The mean (average) is:

$\mu = \frac{1}{n} \sum_{i=1}^{n} x_i$

---

**Variance (Population)**

The variance is:

$\sigma^2 = \frac{1}{n} \sum_{i=1}^{n} (x_i - \mu)^2$

---

**Standard Deviation**

The standard deviation is the square root of the variance:

$\sigma = \sqrt{\sigma^2}$

---

**Where:**

- $n$ is the number of data points  
- $x_i$ is each individual data point  
- $\mu$ is the mean  
- $\sigma^2$ is the variance  
- $\sigma$ is the standard deviation


In [2]:
# implement formula to calculate mean, variance and standard deviation

import numpy as np

# Sample data: e.g., vibration measurements in mm
data = np.array([2.3, 2.5, 2.4, 2.6, 2.7, 2.4, 2.5, 2.6, 2.2, 2.5, 2.2])

# Step 1: Calculate mean
mean = np.mean(data)

# Step 2: Calculate variance (population)
variance = np.sum((data - mean) ** 2) / len(data)

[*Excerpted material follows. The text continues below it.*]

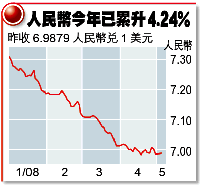 美元疲弱,令人民幣滙率看似長升長有,兌美元升穿「7算」是轉捩點,令不少存戶透過銀行設定「日日換2萬」的指示,持續將港元換為人民幣存款。
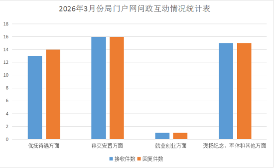2026年3月份,市、区退役军人事务部门认真学习贯彻中央、省、市关于退役军人信访稳定工作的有关文件精神和要求,不断深化思想认识,畅通信访渠道,加大困难帮扶,强化积案化解,坚持把退役军人信访稳定工作当作重中之重来抓,有力的维护了我市社会大局的稳定。市退役军人事务局在门户网与网民互动基本情况如下:

# Step 3: Calculate standard deviation
std_dev = np.sqrt(variance)

print("Mean:", mean)
print("Variance:", variance)
print("Standard Deviation:", std_dev)


Mean: 2.4454545454545453
Variance: 0.02429752066115703
Standard Deviation: 0.15587661999529318


## Least Squares Linear Regression Equations

The goal is to fit a line of the form:

$y = mx + c$

where:  
- $m$ is the slope of the line.  
- $c$ is the intercept.

---

### **Formulas**

**Slope ($m$)**

$m = \frac{n \sum xy - \sum x \sum y}{n \sum x^2 - (\sum x)^2}$

---

**Intercept ($c$)**

$c = \frac{\sum y - m \sum x}{n}$

---

Where:  
- $n$ = number of data points  
- $x$ = independent variable (e.g., strain)  
- $y$ = dependent variable (e.g., stress)


In [4]:
# Suppose you measure the stress (force per unit area) and the corresponding strain (deformation) in a material test.
# The relationship is approximately linear in the elastic region:

# Stress = E * Strain
# where E = Young’s Modulus (slope of the line)

# Goal: Given a set of (strain, stress) pairs, fit a straight line:
#  y=mx+c , using Least Squares Method

import numpy as np

def linear_regression(x_values, y_values):
    """
    Perform simple linear regression (least squares) on two lists.

    Args:
        x_values (list of float): Independent variable (e.g., strain)
        y_values (list of float): Dependent variable (e.g., stress)

    Returns:
        slope (float): Slope of the best fit line
        intercept (float): Intercept of the best fit line
    """
    # Calculate sums
    n = len(x_values)
    sum_x = np.sum(x_values)
    sum_y = np.sum(y_values)
    sum_xy = np.sum(x_values * y_values)
    sum_x2 = np.sum(x_values**2)
    
    # Least squares formulas
    m = (n * sum_xy - sum_x * sum_y) / (n * sum_x2 - sum_x**2)
    c = (sum_y - m * sum_x) / n

    return m, c



# Example data
x = np.array([0.001, 0.002, 0.003, 0.004, 0.005]) # strain
y = np.array([200, 400, 610, 800, 1000]) # stress


m, c = linear_regression(x, y)

print(f"Slope (Young's Modulus) = {m:.2e} MPa")
print(f"Intercept = {c:.2f} MPa")

# Predict
new_strain = 0.0035
predicted_stress = m * new_strain + c
print(f"Predicted Stress at Strain {new_strain} = {predicted_stress:.2f} MPa")


Slope (Young's Modulus) = 2.00e+05 MPa
Intercept = 2.00 MPa
Predicted Stress at Strain 0.0035 = 702.00 MPa